A certain gas takes 8 times as long to effuse out as compared to hydrogen gas for same volume at constant temperature and pressure. Its molecular mass will be

To solve the problem, we will use Graham's law of effusion, which states that the rate of effusion of a gas is inversely proportional to the square root of its molecular weight. ### Step-by-step Solution: 1. **Understanding the Problem**: We know that a certain gas takes 8 times as long to effuse compared to hydrogen gas.
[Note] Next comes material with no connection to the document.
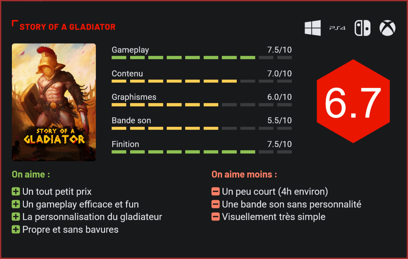 Sorti de nulle part, Story of a Gladiator est un petit beat them all indépendant qui joue la carte du old-school pour séduire les amateurs d’un genre moribond. Développé par le petit studio britannique Brain Seal, qui avait signé les deux Dark Quest, Story of a Gladiator est un beat them all old-school qui tente une approche très originale du genre avec des combats en arène dans la peau d’un gladiateur, en pleine Rome antique. Chaque niveau vous proposera d’affronter plusieurs vagues d’ennemis. Il ne faut pas s’attendre ici à un jeu à gros budget. Le titre de Brain Seal est vendu une petite dizaine d’euros sur les stores numériques. Story of a Gladiator est très clairement un jeu de niche qui s’adresse pratiquement exclusivement aux fans de beat them up. Le jeu de Brain Seal reste toutefois très accessible avec la présence d’un mode facile qui permettra même aux débutants de progresser jusqu’à l’arène finale sans (trop) souffrir. Si on reprochera d’entrée de jeu au titre sa présentation trop simpliste, difficile de ne pas tomber sous le charme d’un concept simple mais pourtant très efficace. Dans la peau d’un gladiateur, le joueur devra survivre à une succession de combats dans l’arène – 36 affrontements en tout, et 3 combats de boss. Pour se hisser au rang de légende, il devra apprendre à maîtriser de nouvelles compétences, qu’il acquerra avec les points d’expériences obtenus à chaque nouveau niveau. Il devra également perfectionner son armement en achetant de nouvelles armures, armes et boucliers avec l’argent récolté durant les combats. Entre les combats, le joueur peut faire ses emplettes dans une rue commerçante de Rome. Ces séquences de jeu entre les combats sont d’une importance capitale car il faudra continuellement améliorer son personnage pour pouvoir survivre aux défis de plus en plus costauds. En achetant une meilleure armure, le joueur pourra encaisser plus de coups, ses compétences débloqueront de nouvelles techniques, comme la roulade ou la décapitation par exemple. Quant aux prières, aux sacrifices et aux achats réalisés dans la rue commerçantes, ils permettront de décrocher des bonus en cours de partie. Story of a Gladiator surprend par la richesse de son gameplay. Si, d’apparence, il s’agit d’un beat them all au gameplay très simple, le jeu se révèle en réalité très technique et ne se limite pas au matraquage de bouton. Il faudra apprendre à maîtriser l’art de l’esquive, à parer les coups au bon moment au bouclier et à trouver le talon d’Achille de chaque type d’ennemi. Assez variés, ceux-ci vous donneront du fil à retordre. Chaque ennemi devra en effet être terrassé différemment. Chaque combat est à ce titre subdivisé en plusieurs vagues durant lesquelles il faudra éliminer des ennemis de plus en plus puissants. Technique, le jeu parvient à séduire de par la richesse de ses affrontements et la complexité des combats, avec le mode de difficulté approprié. Malgré l’étroitesse des arènes et la répétitivité du concept, on se surprend à accrocher à un concept pourtant très simple. Il faut dire que les joueurs ont brillamment pensé leur jeu avec un système d’upgrade qui permet d’apprendre continuellement de nouvelles techniques de combat et d’enrichir le gameplay tout au fil de la progression. On regrettera toutefois la durée de vie très limitée du jeu, qui se boucle en moins de 4h top chrono en ligne droite. Quelques modes de jeu supplémentaires et à-côtés n’auraient pas été de trop pour enrichir pour le contenu du jeu. Il vous arrivera de devoir affronter des fauves dans les arènes. Côté réalisation, le constat est un peu moins positif. D’un côté, le titre parvient à développer sa propre identité visuelle avec une direction artistique plutôt inspirée. De l’autre, on sent très bien le manque de budget des développeurs qui ont tenté de faire du mieux avec les moyens du bord. Les décors sont pauvres, les animations simplistes et les quelques cinématiques qui entrecoupent les combats d’une rare pauvreté. La bande sonore ne parvient pas non plus à se distinguer avec ses bruitages simplistes et ses quelques morceaux d’ambiance. Rien de très surprenant en soi pour un jeu vendu une petite dizaine d’euros. On aurait toutefois très clairement pu en attendre davantage du titre à ce niveau. Conclusion Malgré la pauvreté de ses graphismes et un concept très simple, Story of a Gladiator parviendra à séduire les amateurs de beat them all old-school par la richesse de son gameplay et la nervosité de ses affrontements. Terriblement addictif, le jeu de Brain Seal repose tout son gameplay sur l’art de l’esquive et un timing parfait. S’il se destine à un public de passionnés de rétrogaming, le titre n’en reste pas très accessible avec son mode débutant. Malgré sa répétitivité, on ne s’ennuie pas une seule minute dans le jeu. Les développeurs sont parvenus à offrir une solide courbe d’apprentissage, avec de nouvelles armes, équipements et coups qui se débloquent tout au cours de l’aventure. Nerveux, les combats dans les arènes se révèlent également sanglants et terriblement stressants. On reprochera toutefois à Story of a Gladiator sa durée de vie trop courte et sa réalisation un peu faiblarde, même pour un jeu vendu 10 €.

This means that the rate of effusion of hydrogen is 8 times that of the certain gas. 2. **Define Variables**: - Let \( R_1 \) be the rate of effusion of the certain gas. - Let \( R_2 \) be the rate of effusion of hydrogen. - The molecular weight of hydrogen (\( M_2 \)) is 2 g/mol (since hydrogen gas \( H_2 \) has a molecular weight of 2 atomic mass units). - Let \( M_1 \) be the molecular weight of the certain gas (which we need to find). 3. **Using Graham's Law**: According to Graham's law: \[ \frac{R_1}{R_2} = \sqrt{\frac{M_2}{M_1}} \] 4. **Relating the Rates**: Since it takes 8 times longer for the certain gas to effuse, we can express the rates as: \[ R_2 = 8R_1 \] Therefore, we can substitute \( R_2 \) into Graham's law: \[ \frac{R_1}{8R_1} = \sqrt{\frac{M_2}{M_1}} \] This simplifies to: \[ \frac{1}{8} = \sqrt{\frac{M_2}{M_1}} \] 5. **Squaring Both Sides**: Squaring both sides gives: \[ \left(\frac{1}{8}\right)^2 = \frac{M_2}{M_1} \] \[ \frac{1}{64} = \frac{M_2}{M_1} \] 6. **Substituting the Molecular Weight of Hydrogen**: We know \( M_2 = 2 \) g/mol: \[ \frac{1}{64} = \frac{2}{M_1} \] 7. **Cross Multiplying to Solve for \( M_1 \)**: Cross multiplying gives: \[ M_1 = 2 \times 64 = 128 \text{ g/mol} \] 8. **Conclusion**: The molecular mass of the certain gas is 128 atomic mass units (u). ### Final Answer: The molecular mass of the certain gas is **128 u**.